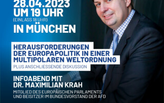 Impressionen von unserer Veranstaltung mit Dr. Maximilian Krah zum Thema "Herausforderungen der Europapolitik in einer multipolaren Weltordnung" am 28. April 2023 in München Alle Tische waren besetzt. Über 50 Teilnehmer lauschten der fulminanten Rede unseres Gastredners aus dem Europaparlament. Das komplexe Thema der Multipolarität und vor allem die Relevanz weltweiter Entwicklungen für den einzelnen [...]
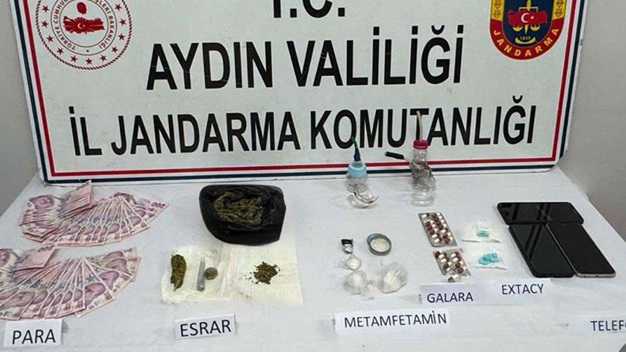 Aydın'da jandarma ekipleri uyuşturucu madde kullanımı ve ticaretinin önlenmesine yönelik çalışmalarını aralıksız sürdürüyor. Edinilen bilgiye göre, Nazilli İlçe Jandarma Komutanlığı tarafından uyuşturucu madde satıcısı ve kullanıcılarına yönelik çalışmalar kapsamında A.Ç. (48) isimli erkek ve G.K. (45) isimli kadın şüphelilerin yakalanması için operasyon düzenlendi. Düzenlenen operasyonda şüpheliler kıskıvrak yakalanarak gözaltına alınırken, şüphelilerin aracında ve evinde yapılan adli aramada; 6 adet paketlenmiş satışa hazır 18 gram metamfetamin, 3 adet paketlenmiş satışa hazırlanmış 33 gram kubar esrar, 31 adet sentetik hap, 2 adet uyuşturucu kullanma aparatı, 1 adet içime hazırlanmış sigara ve 3 adet cep telefonu ile suçtan elde edildiği değerlendirilen 7 bin 210 TL nakit para ele geçirildi. Jandarmadaki işlemlerinin ardından adli makamlara sevk edilen şüphelilerden A.Ç. tutuklanarak cezaevine gönderilirken, G.K. isimli kadın şüpheli ise adli kontrol şartı ile serbest bırakıldı.
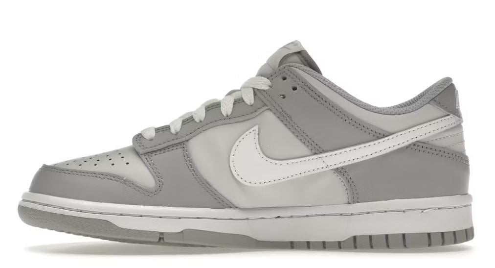 Description : Nike Sportswear added to their GS Dunk Low lineup with this Nike Dunk Low Two Toned Grey colorway, arriving in a mix of gray tones. The GS Nike Dunk Low Two-Toned Grey comes constructed in a full leather build featuring light and dark shades of gray. The clean two-toned Grey colorway sees the slightly darker shade of neutral overlaying the base layer, while the white Swoosh logo, laces, and midsole complete the two-tone look. A gray rubber outsole completes the design. The GS Nike Dunk Low Two-Toned Grey was released in March of 2022.
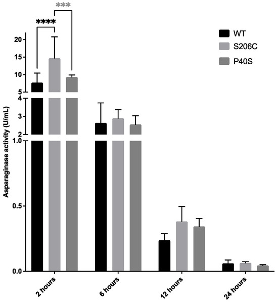 Asparaginase activity measured in mice plasma after 2, 6, 12 and 24 h of a single dose injection of 1050 U/Kg of each ASNase—WT and mutants—and quantified by oxine method. Standard deviation is shown by a vertical bar, n = 5, ***: p-value < 0.0005, ****: p-value < 0.00005.
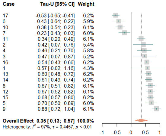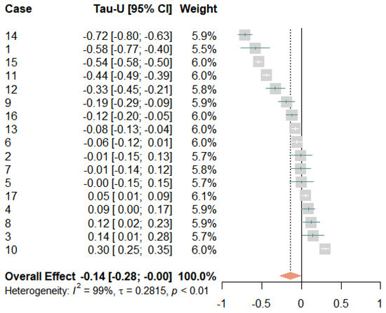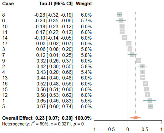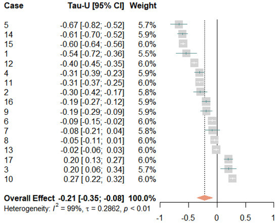 Figure 7 presents the results of the meta-analysis. With a mean Tau-U of 0.35 [0.13, 0.57], the overall effect showed a significant medium-sized improvement in the pain self-efficacy rating. Twelve effects yielded significant results, with moderate to very large effect sizes in the expected direction. Four effects were significantly negative, and one effect was non-significant. The negative effects were found for two participants who also experienced increased pain (cases 10 and 17), plus two participants whose pain levels did not change much (cases 6 and 7). A very large amount of variation was not accounted for (I2 = 97% and τ = 0.45), suggesting strong variations in the responses to the treatment.

++++++++

# YOUR TASK:
Would you please write out the entries in full, exactly as they read, but without pictures?

# FINAL ANSWER:
 Impressionen von unserer Veranstaltung mit Dr. Maximilian Krah zum Thema "Herausforderungen der Europapolitik in einer multipolaren Weltordnung" am 28. April 2023 in München Alle Tische waren besetzt. Über 50 Teilnehmer lauschten der fulminanten Rede unseres Gastredners aus dem Europaparlament. Das komplexe Thema der Multipolarität und vor allem die Relevanz weltweiter Entwicklungen für den einzelnen [...]
 Aydın'da jandarma ekipleri uyuşturucu madde kullanımı ve ticaretinin önlenmesine yönelik çalışmalarını aralıksız sürdürüyor. Edinilen bilgiye göre, Nazilli İlçe Jandarma Komutanlığı tarafından uyuşturucu madde satıcısı ve kullanıcılarına yönelik çalışmalar kapsamında A.Ç. (48) isimli erkek ve G.K. (45) isimli kadın şüphelilerin yakalanması için operasyon düzenlendi. Düzenlenen operasyonda şüpheliler kıskıvrak yakalanarak gözaltına alınırken, şüphelilerin aracında ve evinde yapılan adli aramada; 6 adet paketlenmiş satışa hazır 18 gram metamfetamin, 3 adet paketlenmiş satışa hazırlanmış 33 gram kubar esrar, 31 adet sentetik hap, 2 adet uyuşturucu kullanma aparatı, 1 adet içime hazırlanmış sigara ve 3 adet cep telefonu ile suçtan elde edildiği değerlendirilen 7 bin 210 TL nakit para ele geçirildi. Jandarmadaki işlemlerinin ardından adli makamlara sevk edilen şüphelilerden A.Ç. tutuklanarak cezaevine gönderilirken, G.K. isimli kadın şüpheli ise adli kontrol şartı ile serbest bırakıldı.
 Description : Nike Sportswear added to their GS Dunk Low lineup with this Nike Dunk Low Two Toned Grey colorway, arriving in a mix of gray tones. The GS Nike Dunk Low Two-Toned Grey comes constructed in a full leather build featuring light and dark shades of gray. The clean two-toned Grey colorway sees the slightly darker shade of neutral overlaying the base layer, while the white Swoosh logo, laces, and midsole complete the two-tone look. A gray rubber outsole completes the design. The GS Nike Dunk Low Two-Toned Grey was released in March of 2022.
 Asparaginase activity measured in mice plasma after 2, 6, 12 and 24 h of a single dose injection of 1050 U/Kg of each ASNase—WT and mutants—and quantified by oxine method. Standard deviation is shown by a vertical bar, n = 5, ***: p-value < 0.0005, ****: p-value < 0.00005.
 Figure 7 presents the results of the meta-analysis. With a mean Tau-U of 0.35 [0.13, 0.57], the overall effect showed a significant medium-sized improvement in the pain self-efficacy rating. Twelve effects yielded significant results, with moderate to very large effect sizes in the expected direction. Four effects were significantly negative, and one effect was non-significant. The negative effects were found for two participants who also experienced increased pain (cases 10 and 17), plus two participants whose pain levels did not change much (cases 6 and 7). A very large amount of variation was not accounted for (I2 = 97% and τ = 0.45), suggesting strong variations in the responses to the treatment.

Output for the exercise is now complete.